Sunday, May 20, 2007

Change in Step 1 Minimum Passing Score

The Step 1 Committee decided to raise the three-digit score recommended to pass Step 1 from 182 to 185. The new minimum passing score will be applied to Step 1 examinations for which the first day of testing is on or after January 1, 2007.

Kaplan Step 1 Video - 2007 edition

Step 1 In-center Video Lectures (2007)

Kaplan recently updated all of its video. The content is now available on videos instead of old fashioned tape library. Good for all USMLE takers. Now you can watch the Kaplan USMLE DVDs on your computer.

Newly Filmed Content

  • Microbiology
  • Physiology
  • Behavioral Sciences
  • Immunology
  • Biochemistry
Read here about details of the changes in 2007 Kaplan videos:

Wednesday, May 09, 2007

Youel Step 2 Videos

I am receiving a lot of inquiries about Youel prep Videos for Step 2.
So I want to tell the facts I know about Youel Videos and then invite for your comments/feedback.
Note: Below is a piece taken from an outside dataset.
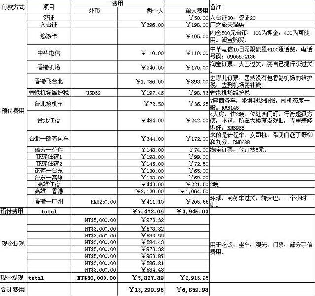 住的地方,都写在了行程里。总共的花费表,在最后一幅图了,大家做个参考。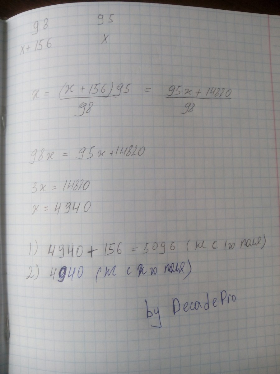 С первого поля собрали 98 мешков картофеля,а со второго-95 таких же по массе мешков.Сколько килограммов картофеля собрали с каждого поля,если с первого поля собрали на 156 кг больше,чем со второго?

Youel is respected by many students for the quality of the lectures. Some say that Youel is much better than Kaplan for Step 2.

It is just 40 hours of high-yield review and covers the following topics:
EKG & Cardiology
Fundamental Facts
History & Physical
Lab tests
Medical Ethics
Symptoms, Signs, Syndromes
X-Rays & Pulmonary Disease

More information can be found here:
http://usmlestep.com/youelprep-step2.htm

Sunday, May 06, 2007

Kaplan Med Essentials

Organized by organ system, the medEssentials book reinforces key ideas and concepts essential to your med school studies. Later, it can be used as a personalized guidebook for board preparation.

Download Kaplan Med Essentials now

USMLE Scoring - 2 digits vs. 3 digits

The USMLE phased out the use of a percentile based system in 1999. A score report is given as a three-digit and two-digit score. The three-digit score reflects the number of correct questions and the two-digit score is a representation of the three-digit score on a scale of 100%. A score of 182 or greater is required to pass. Those who take the exam on or after January 1, 2007, will need a score of 185 to pass in the exam. The national yearly average usually is around 220 with a standard deviation of around 20. Many residency programs have cutoffs for Step 1 scores below which applicants are unlikely to be interviewed.

Friday, May 04, 2007

General Hints for USMLE Step 3 CCS exam

General Hints for CCS

The part that is problematic with most people is the case simulation part. Below I will list a few hints of how to succeed.

You will have plenty of time to complete each case. 25 minutes of testing time is available. In the end you have to write your diagnosis. Obviously this test will have more common diseases, so thing about those first. Second, think what you would do if it was a real patient. This helped me a lot during the exam. The test also wants to make sure you are practicing safe medicine, so stay away from anything dangerous, especially drugs with too much toxicity, surgery without confirmatory tests and such.

Setting

In order to decide where to best treat the patient (office, ICU, ward), you have to determine 2 aspects: how sick is the patient and how rapidly does it have to be treated.

  • Vital signs: watch for tachycardia, bradycardia and extremes in blood pressure. Also tachypnea should point to something more severe.
  • Complaint or symptoms: severe pain, shortness of breath should raise red-flags.
  • Age: very young and very old people tend to need to be hospitalized.
  • Instability: any unstable vital signs, fluctuating levels of consciousness, severe blood loss should prompt an ICU admission.

Orders

For most people that have not had medical training in the US this might be a problem. To order medications you do NOT have to know the dose. You can write common tradenames and generic names. Also, consultation can be obtained, and these take little time. Remember about vital signs / ECG monitors, oxygen.

Radiology and Laboratory tests

Know why you are ordering every test. It seems trivial, but do not order something unless it is going to help you with the diagnosis. All tests in Step 3 take considerable time, even days. The less common the test you order, the more you will wait for a result.

Follow-up and interim histories

The system will not penalize you for seeing your patients too often. If you do not know how often to see patients, in hospital usually once a day. The system will let you know of new test results and developments in the case.